(Task prompt):
Take nothing but the lines from the one with "Sách giáo khoa" through the one with "Exhaust fumes are" in the entries below, both ends kept, and return them exactly with pictures left out.
Input data START
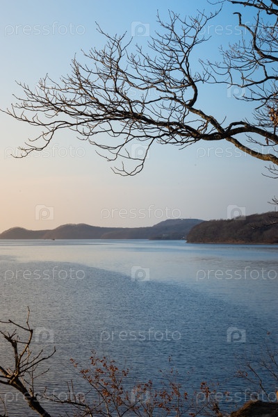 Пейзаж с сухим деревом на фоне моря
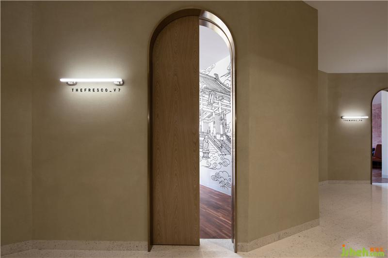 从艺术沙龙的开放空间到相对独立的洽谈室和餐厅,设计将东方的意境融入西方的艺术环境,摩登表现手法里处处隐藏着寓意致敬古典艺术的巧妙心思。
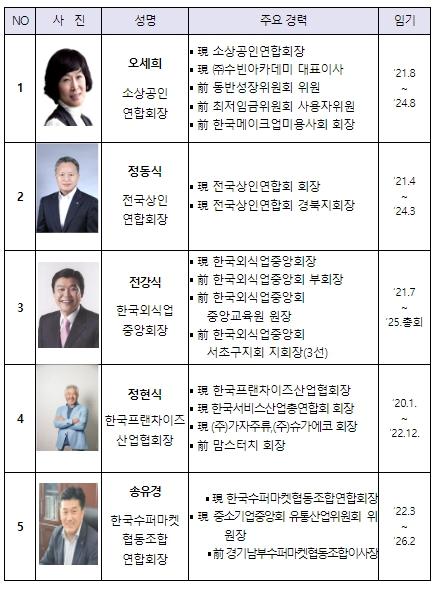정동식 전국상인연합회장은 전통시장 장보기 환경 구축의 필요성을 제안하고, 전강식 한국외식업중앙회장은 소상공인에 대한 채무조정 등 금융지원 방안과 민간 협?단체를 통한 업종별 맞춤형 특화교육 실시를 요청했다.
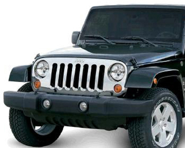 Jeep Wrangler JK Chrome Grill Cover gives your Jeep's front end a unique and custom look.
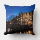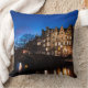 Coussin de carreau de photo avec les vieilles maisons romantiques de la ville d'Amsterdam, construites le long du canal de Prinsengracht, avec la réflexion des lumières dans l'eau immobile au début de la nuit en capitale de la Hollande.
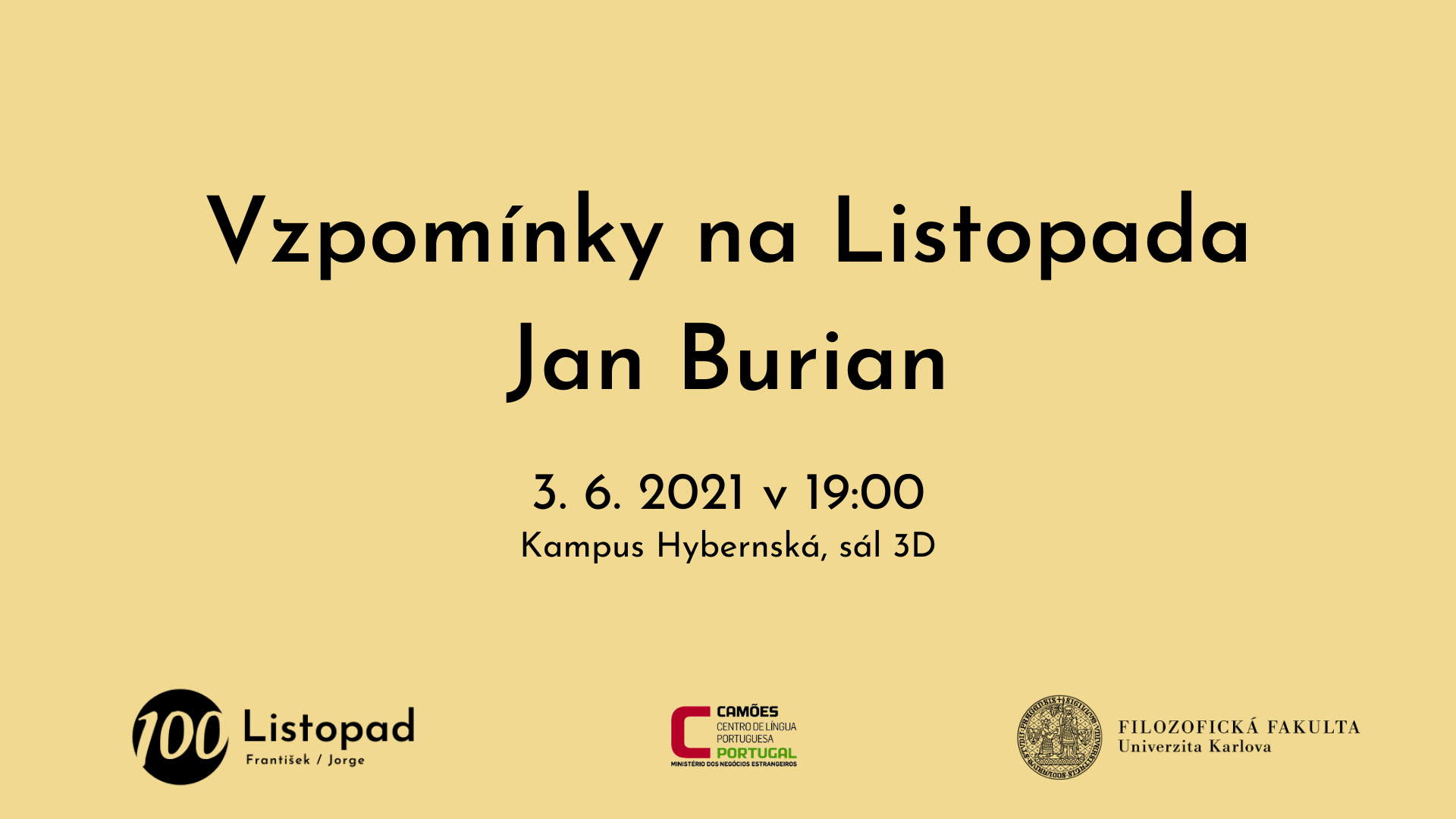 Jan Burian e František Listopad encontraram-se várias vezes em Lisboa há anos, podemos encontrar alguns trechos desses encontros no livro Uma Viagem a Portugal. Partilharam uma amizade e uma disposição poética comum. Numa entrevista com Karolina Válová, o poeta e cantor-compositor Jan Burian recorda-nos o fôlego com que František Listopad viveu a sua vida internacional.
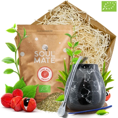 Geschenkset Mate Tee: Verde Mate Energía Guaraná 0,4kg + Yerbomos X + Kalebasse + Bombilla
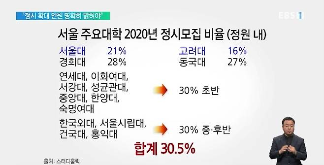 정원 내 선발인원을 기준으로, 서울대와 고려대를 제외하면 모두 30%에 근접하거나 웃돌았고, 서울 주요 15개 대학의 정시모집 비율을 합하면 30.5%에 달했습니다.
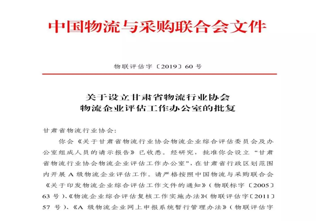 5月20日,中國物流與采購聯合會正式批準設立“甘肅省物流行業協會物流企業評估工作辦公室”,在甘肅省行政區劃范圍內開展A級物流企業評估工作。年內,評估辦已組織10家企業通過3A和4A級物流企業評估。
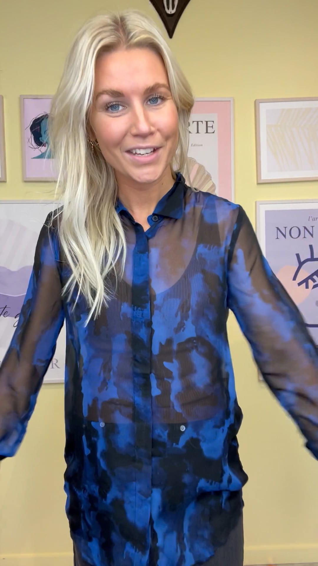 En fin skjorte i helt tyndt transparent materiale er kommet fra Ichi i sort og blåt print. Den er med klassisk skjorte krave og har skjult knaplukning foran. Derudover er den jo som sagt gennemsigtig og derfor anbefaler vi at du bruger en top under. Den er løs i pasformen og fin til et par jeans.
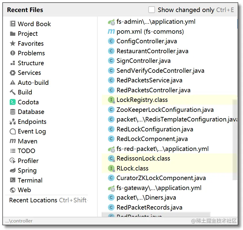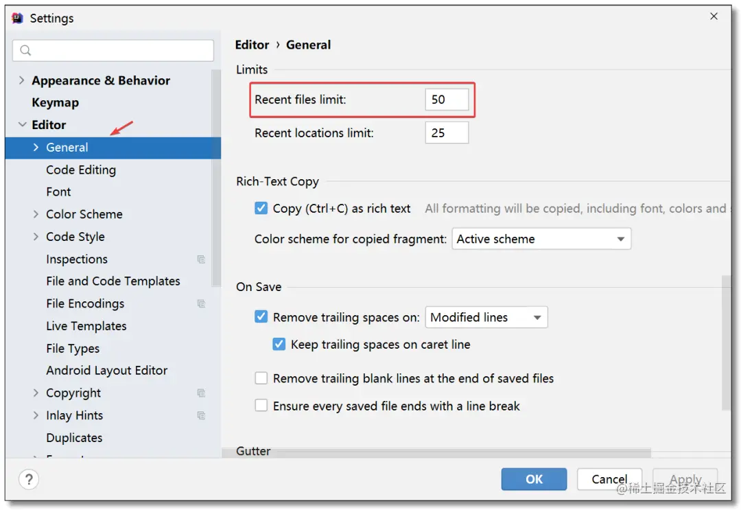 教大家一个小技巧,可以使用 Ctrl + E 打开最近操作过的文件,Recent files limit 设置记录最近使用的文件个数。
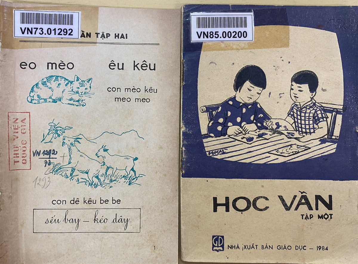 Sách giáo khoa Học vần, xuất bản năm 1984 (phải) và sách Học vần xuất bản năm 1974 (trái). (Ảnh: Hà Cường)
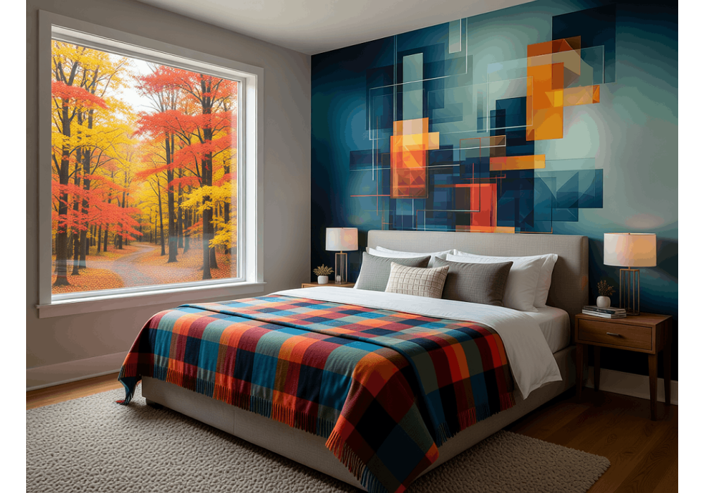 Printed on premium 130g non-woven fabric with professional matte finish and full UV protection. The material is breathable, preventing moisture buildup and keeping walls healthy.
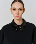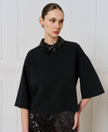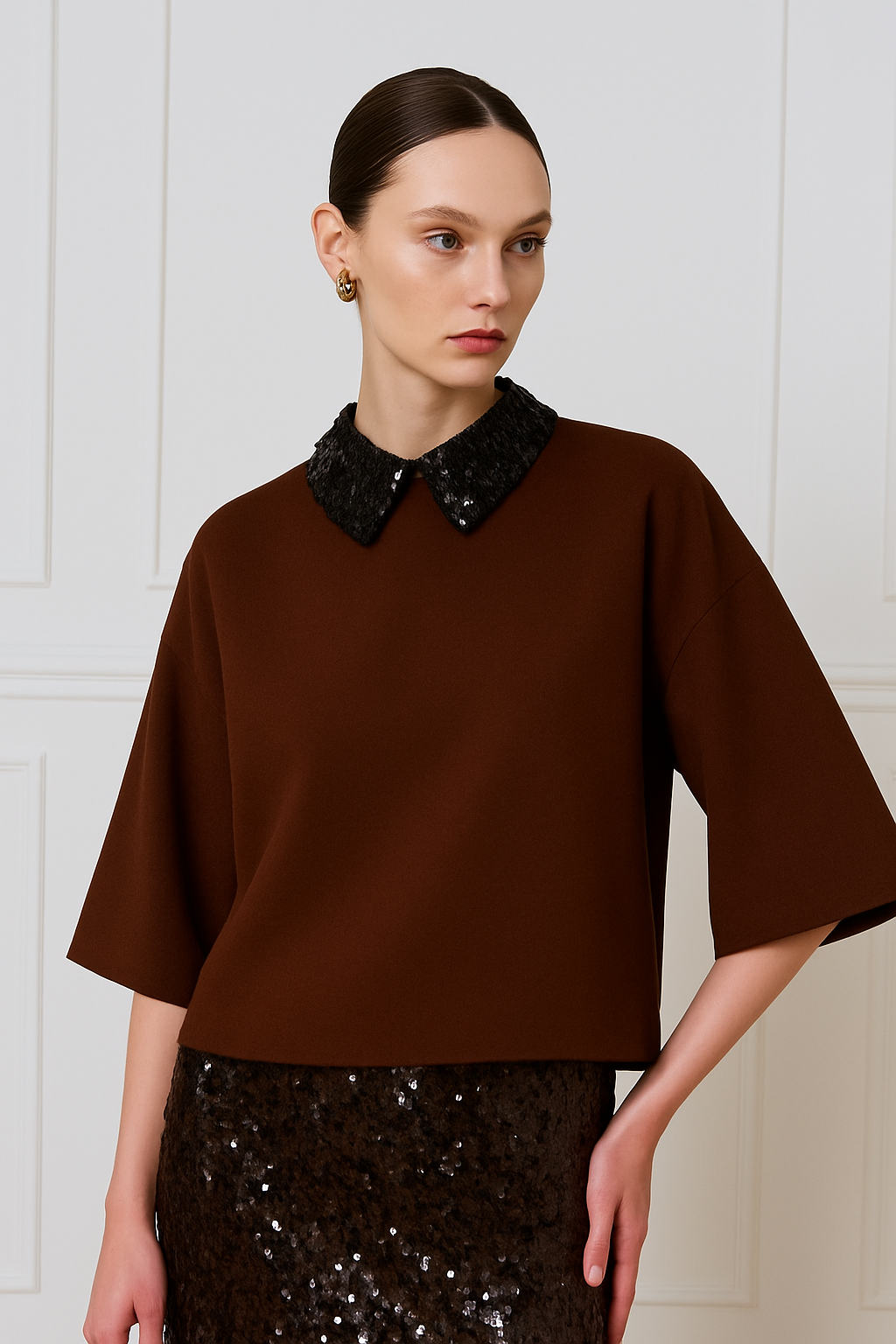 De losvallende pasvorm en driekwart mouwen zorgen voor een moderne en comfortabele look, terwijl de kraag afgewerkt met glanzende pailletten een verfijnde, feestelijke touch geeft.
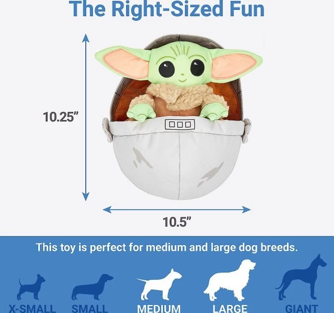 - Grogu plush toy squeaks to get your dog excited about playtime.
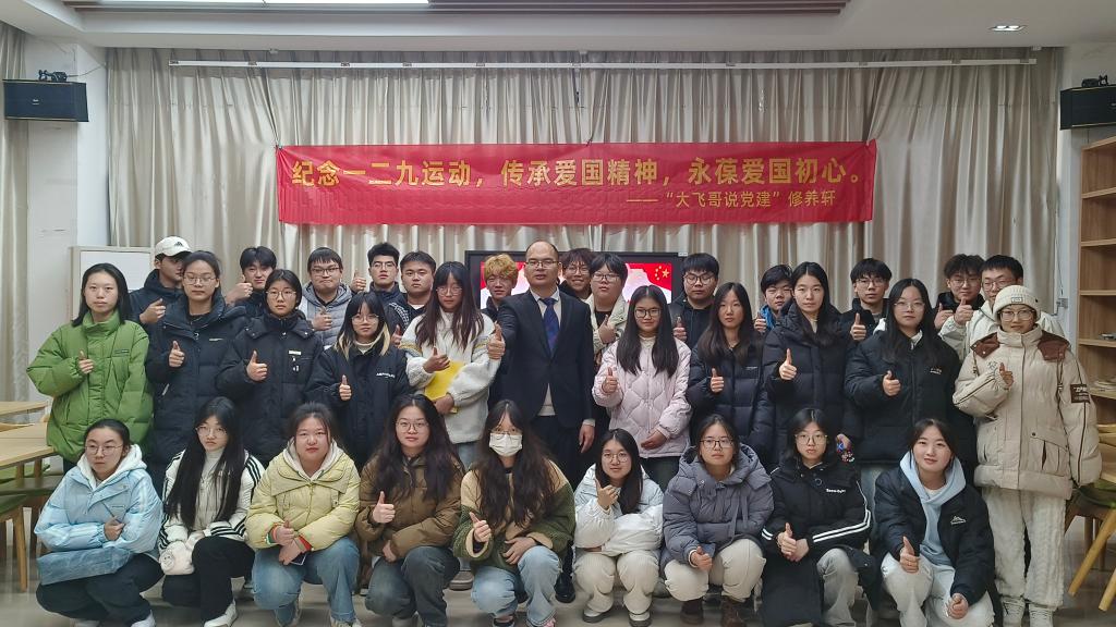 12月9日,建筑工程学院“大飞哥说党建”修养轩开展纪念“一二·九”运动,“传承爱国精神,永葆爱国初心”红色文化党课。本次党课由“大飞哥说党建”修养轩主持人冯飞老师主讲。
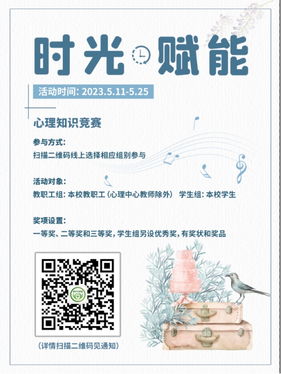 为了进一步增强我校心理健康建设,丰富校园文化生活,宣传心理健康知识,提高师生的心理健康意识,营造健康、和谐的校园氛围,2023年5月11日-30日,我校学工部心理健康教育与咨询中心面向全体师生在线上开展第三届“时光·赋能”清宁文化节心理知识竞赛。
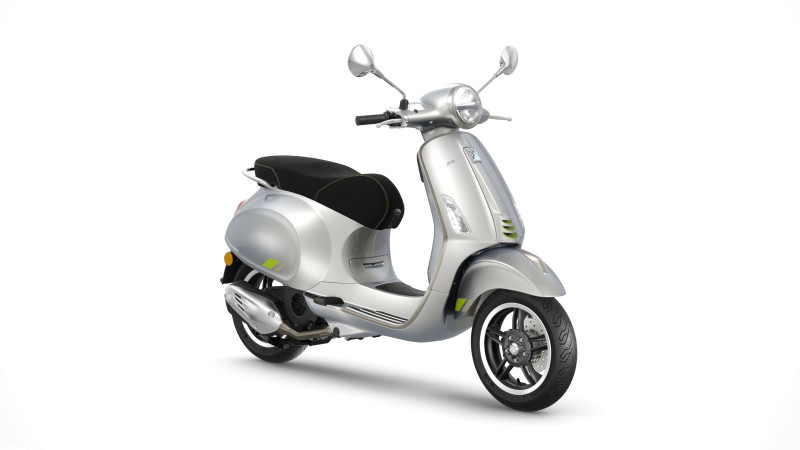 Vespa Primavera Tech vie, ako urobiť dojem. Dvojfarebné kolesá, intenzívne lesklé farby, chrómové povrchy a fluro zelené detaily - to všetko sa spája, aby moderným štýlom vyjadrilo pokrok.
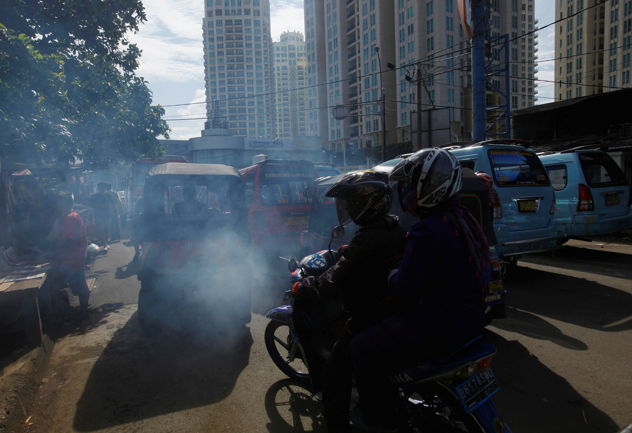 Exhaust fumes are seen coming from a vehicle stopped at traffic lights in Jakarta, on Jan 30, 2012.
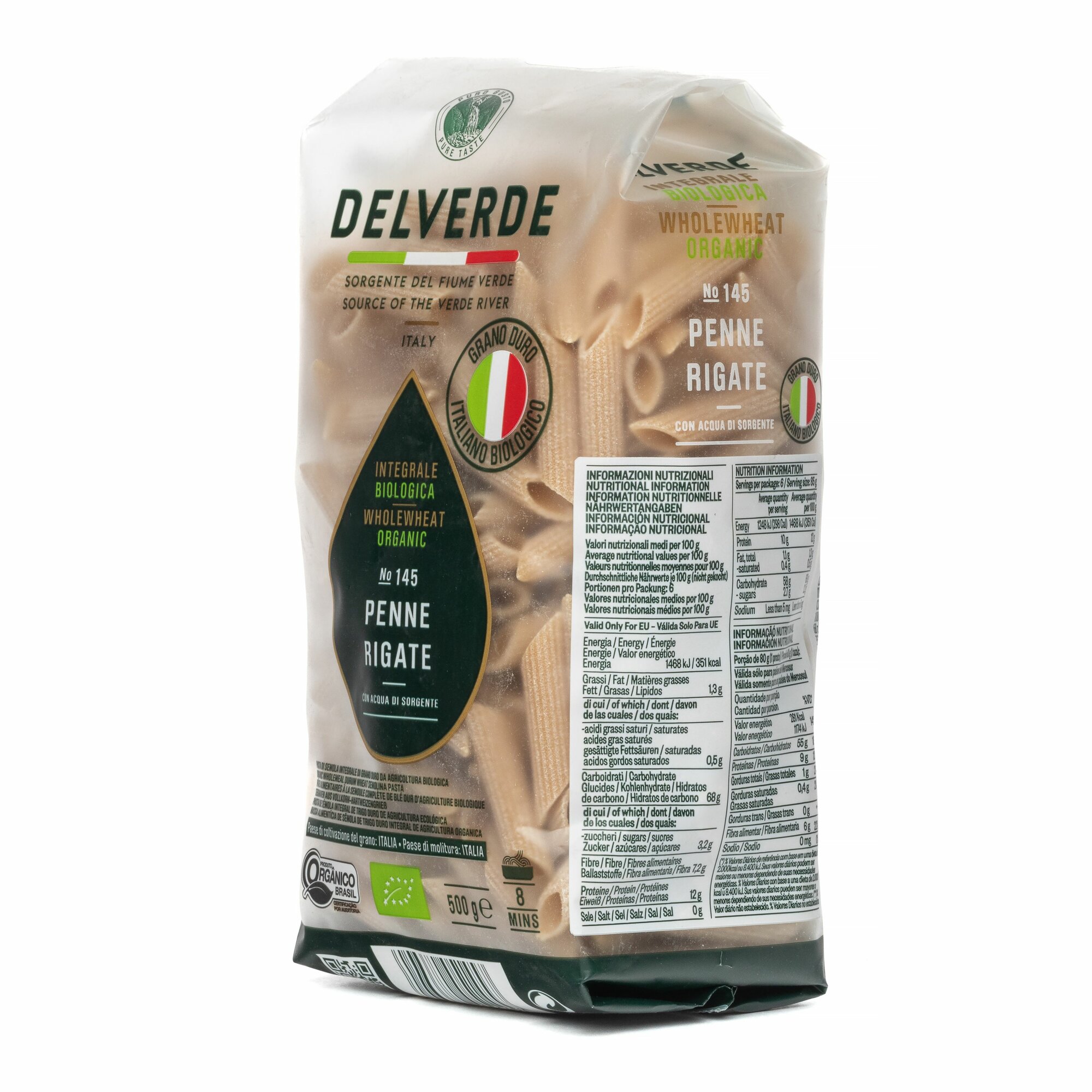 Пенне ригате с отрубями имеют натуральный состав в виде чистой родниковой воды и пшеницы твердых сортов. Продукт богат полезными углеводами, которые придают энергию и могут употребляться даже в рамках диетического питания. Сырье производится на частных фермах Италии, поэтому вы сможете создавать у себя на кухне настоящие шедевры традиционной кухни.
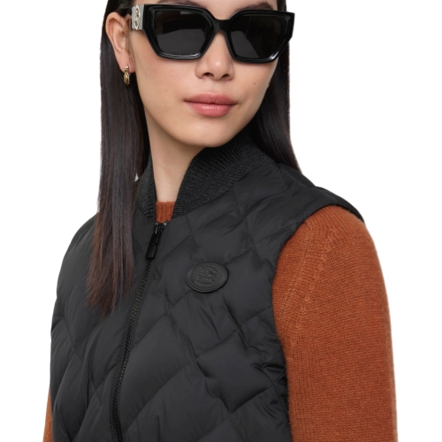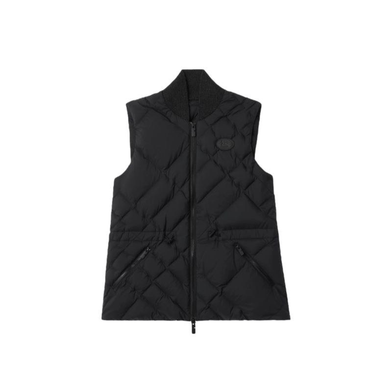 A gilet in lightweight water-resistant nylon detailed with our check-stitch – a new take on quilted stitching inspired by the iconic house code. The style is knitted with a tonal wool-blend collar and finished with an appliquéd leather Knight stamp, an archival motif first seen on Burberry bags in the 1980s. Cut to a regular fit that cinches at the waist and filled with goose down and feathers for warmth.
Input data END
(Answer below):
 Sách giáo khoa Học vần, xuất bản năm 1984 (phải) và sách Học vần xuất bản năm 1974 (trái). (Ảnh: Hà Cường)
 Printed on premium 130g non-woven fabric with professional matte finish and full UV protection. The material is breathable, preventing moisture buildup and keeping walls healthy.
 De losvallende pasvorm en driekwart mouwen zorgen voor een moderne en comfortabele look, terwijl de kraag afgewerkt met glanzende pailletten een verfijnde, feestelijke touch geeft.
 - Grogu plush toy squeaks to get your dog excited about playtime.
 12月9日,建筑工程学院“大飞哥说党建”修养轩开展纪念“一二·九”运动,“传承爱国精神,永葆爱国初心”红色文化党课。本次党课由“大飞哥说党建”修养轩主持人冯飞老师主讲。
 为了进一步增强我校心理健康建设,丰富校园文化生活,宣传心理健康知识,提高师生的心理健康意识,营造健康、和谐的校园氛围,2023年5月11日-30日,我校学工部心理健康教育与咨询中心面向全体师生在线上开展第三届“时光·赋能”清宁文化节心理知识竞赛。
 Vespa Primavera Tech vie, ako urobiť dojem. Dvojfarebné kolesá, intenzívne lesklé farby, chrómové povrchy a fluro zelené detaily - to všetko sa spája, aby moderným štýlom vyjadrilo pokrok.
 Exhaust fumes are seen coming from a vehicle stopped at traffic lights in Jakarta, on Jan 30, 2012.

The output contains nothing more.